Meirinha não sabia o que era o glamour da vida de Florescer. Mas andava cada vez mais parecida com ela. Há algum tempo vinha ganhando um certo gosto pelas coisas mais sofisticadas. Tinha agora um espelho grande – quebrado ao meio, mas um espelho dos enormes. Decorava com uma TV portátil uma banquinha de três pernas escorada com tijolos. A TV não funcionava, mas para ela só o espaço arrumadinho já era um luxo.

Os filhos enxergaram esse novo tempo de mais cuidados com a estética no barraco em que moravam. Observaram que Meirinha gastava um bocado de seu dia recuperando coisa que o marido trazia. Outro dia, passou toda a tarde costurando uma cortina rasgada que agora enfeitava a entrada de casa. Vivia a revirar as quinquilharias que o marido trazia da rua e sempre encontrava algo útil. Tinha lucrado muito nessas incursões. Conseguiu pratos, jarros, arranjos de flores, cadeiras novas e a relíquia de um estojo de maquiagem!

Meirinha andava feliz com a súbita prosperidade. Não tinha ideia de como o marido conseguia aquelas coisas. Ele até reclamara que recolhia tudo para que pudessem vender em ferro velho ou sucata pra fazer algum dinheiro, não pra usar no barraco.

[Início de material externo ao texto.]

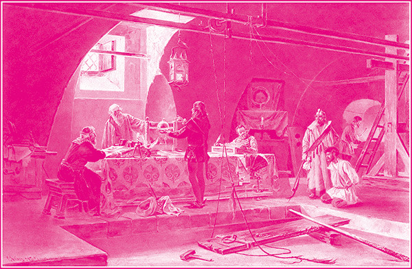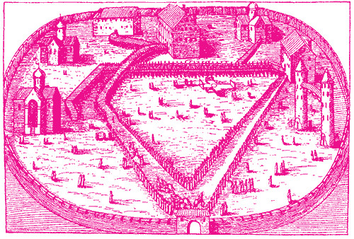 Жизнь в слободе. Началось устроение опричнины. Прежде всего, сам царь, как первый опричник, поторопился выйти из церемонного, чинного порядка государевой жизни, установленного его отцом и дедом. Он покинул свой наследственный кремлевский дворец, перевезся на новое укрепленное подворье, которое велел построить себе где-то среди своей опричнины, между Арбатом и Никитской. В то же время приказал своим опричным боярам и дворянам ставить себе в Александровской слободе дворы, где им предстояло жить, а также здания правительственных мест, предназначенных для управления опричниной. Скоро он и сам поселился там же, а в Москву стал приезжать «не на великое время». Так возникла среди глухих лесов новая резиденция – опричная столица с дворцом, окруженным рвом и валом, со сторожевыми заставами по дорогам. В этой берлоге царь устроил дикую пародию монастыря. Он подобрал три сотни самых отъявленных опричников, которые составили братию, сам принял звание игумена, а князя Афанасия Вяземского облек в сан келаря. Царь покрыл этих штатных разбойников монашескими скуфейками, черными рясами, сочинил для них общежительный устав, сам с царевичами по утрам лазил на колокольню звонить к заутрене, в церкви читал и пел на клиросе и клал такие земные поклоны, что со лба его не сходили кровоподтеки. После обедни, за трапезой, когда веселая братия объедалась и опивалась, царь за аналоем читал поучения отцов Церкви о посте и воздержании. Потом он одиноко обедал сам, после обеда любил говорить о законе, дремал или шел в застенок присутствовать при пытке заподозренных.
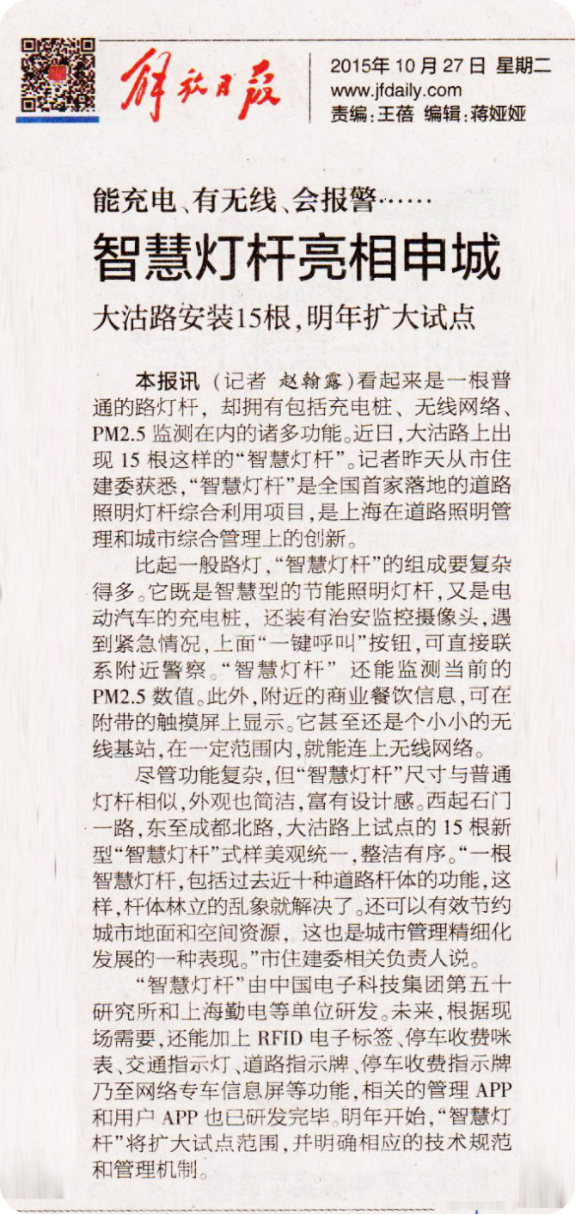 解放日報:能充電(diàn)、有(yǒu)無線、會(huì)報警 智慧燈杆亮相申城

– Sua mãe agora deu pra querer luxar – queixou-se outro dia a Missilene, a filha mais nova!

Foi só um desabafo. Passou. Não ia desagradar a mulher ou comprar briga. Além do mais, a fartura dos ricos parecia que nunca ia acabar. Sempre ia ter lixo pra revirar e encontrar algo de bom. O barraco da família reluzia e parece até que se destacava dos demais.

No fundo, o marido de Meirinha se orgulhava dos seus achados. E imaginava como era bom haver gente que não era muito apegada às coisas e liberava uma coisinha aqui e ali para os pobres. Uns mais, outros menos. Com suas andanças, o homem já conhecia os lugares com mais fartura, onde o lixo era dos bons. Uma vantagem no trabalho. A felicidade de Meirinha, por exemplo, só foi possível por causa desse entendimento da geografia do lugar.

Isso era fato. Zé Gonçalo encontrara sem templo de consumo, sua vitrine. Sentado na frente do barraco, fim da noite, fumando uma ponta de cigarro, ele observava o cenário. Estava tudo arrumadinho e ia ficar mais bonito ainda. Com fartura garantida, então… Na casa dos ricos, sempre sobrava algo. Era só ir pegar no seu “shopping” particular. Ali pertinho: Lá na cesta de lixo da Rua Castelos, número 1.000.